Janssen Biotech announced on April 6 a global collaboration and license pact for exclusive rights to Tesaro’s investigational compound niraparib in prostate cancer. Niraparib is an orally administered poly polymerase (PARP) inhibitor undergoing late-stage development for patients with metastatic breast cancer and ovarian cancer. Janssen acquired worldwide rights and is responsible for all development and commercialization activities for niraparib for use in prostate cancer, except in Japan. Tesaro holds worldwide development, manufacturing and commercial rights for all other indications.

Separate to the exclusive license and collaboration transaction, Johnson & Johnson Innovation made an equity investment in Tesaro.

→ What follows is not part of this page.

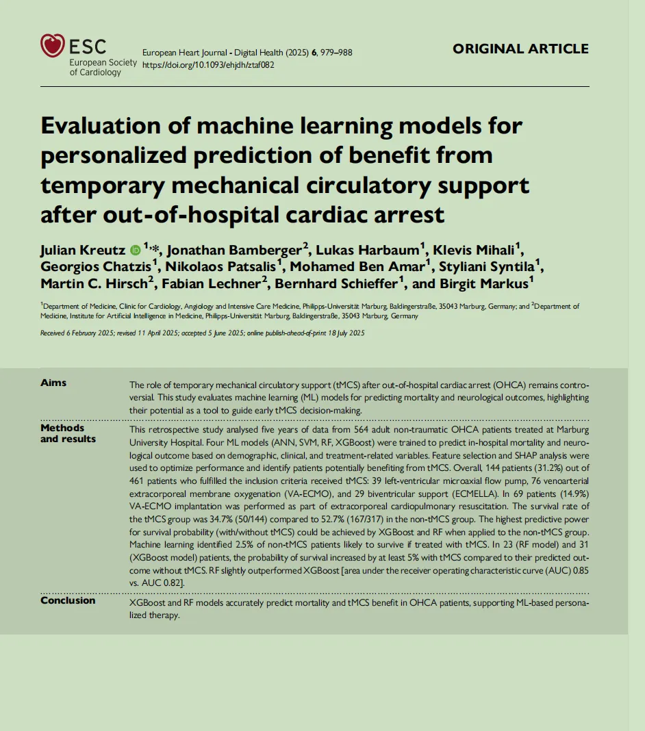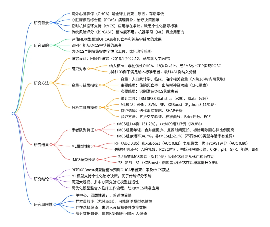 院外心脏骤停(OHCA)后临时机械循环支持(tMCS)的应用价值仍存在争议。本研究旨在评估机器学习(ML)模型对患者死亡率和神经学结局的预测效果,重点凸显其作为指导tMCS早期决策工具的潜力。

PARP proteins have a key survival role in the repair of DNA in cancer cells. By inhibiting PARP, certain defective cancer cells are unable to repair themselves, resulting in cell death. Some men with prostate cancer have these defective cancer cells and may benefit from use of a PARP inhibitor, either alone, or in combination with other medicines.

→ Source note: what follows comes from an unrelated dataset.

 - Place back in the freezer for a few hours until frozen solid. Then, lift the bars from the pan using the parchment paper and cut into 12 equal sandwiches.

Janssen Research & Development in March came to terms on a clinical trial collaboration with Roche Group member Genentech. The companies are initiating two studies to determine the safety and tolerability of daratumumab in combination with atezolizumab, an investigational mAb designed to bind with a protein called programmed cell death-ligand 1 (PD-L1). These studies are evaluating the potential of the combination therapy in multiple myeloma and in solid tumor. Atezolizumab has been undergoing development by Roche. Janssen licensed daratumumab from Genmab and is in charge of the drug’s development and marketing.

J&J medical device company Ethicon announced in March a definitive deal to acquire NeuWave Medical. A privately held medical device company, NeuWave manufactures and markets minimally invasive soft tissue microwave ablation systems. NeuWave products have been used by physicians in more than half of the leading U.S. cancer centers. This transaction is consistent with the Johnson & Johnson Medical Devices’ strategy of advancing innovation and investing in fields of unmet medical needs, including surgical oncology.

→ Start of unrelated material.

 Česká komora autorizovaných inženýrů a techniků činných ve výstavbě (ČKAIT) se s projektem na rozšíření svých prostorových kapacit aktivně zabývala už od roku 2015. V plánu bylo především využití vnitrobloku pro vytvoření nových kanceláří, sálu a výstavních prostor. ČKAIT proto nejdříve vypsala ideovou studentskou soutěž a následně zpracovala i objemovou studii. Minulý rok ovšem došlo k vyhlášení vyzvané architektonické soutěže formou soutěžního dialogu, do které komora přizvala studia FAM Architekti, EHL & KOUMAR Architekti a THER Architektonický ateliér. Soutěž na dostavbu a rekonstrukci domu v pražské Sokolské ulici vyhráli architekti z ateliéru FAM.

At the beginning of 2016, Janssen Sciences Ireland formalized its collaboration with ViiV Healthcare. The companies agreed on phase III development and commercialization of a two-drug regimen of two long-acting, all-injectable formulations of Janssen’s non-nucleoside reverse transcriptase inhibitor rilpivirine and ViiV Healthcare’s cabotegravir. Janssen and ViiV have been working together on this regimen, via various clinical study deals, for several years. Under the new arrangement, the phase III development – to assess the efficacy, safety and tolerability of the regimen – is being led by ViiV with support from Janssen. Both companies are to manufacture and supply their individual drug formulations following successful phase III completion and regulatory outcomes.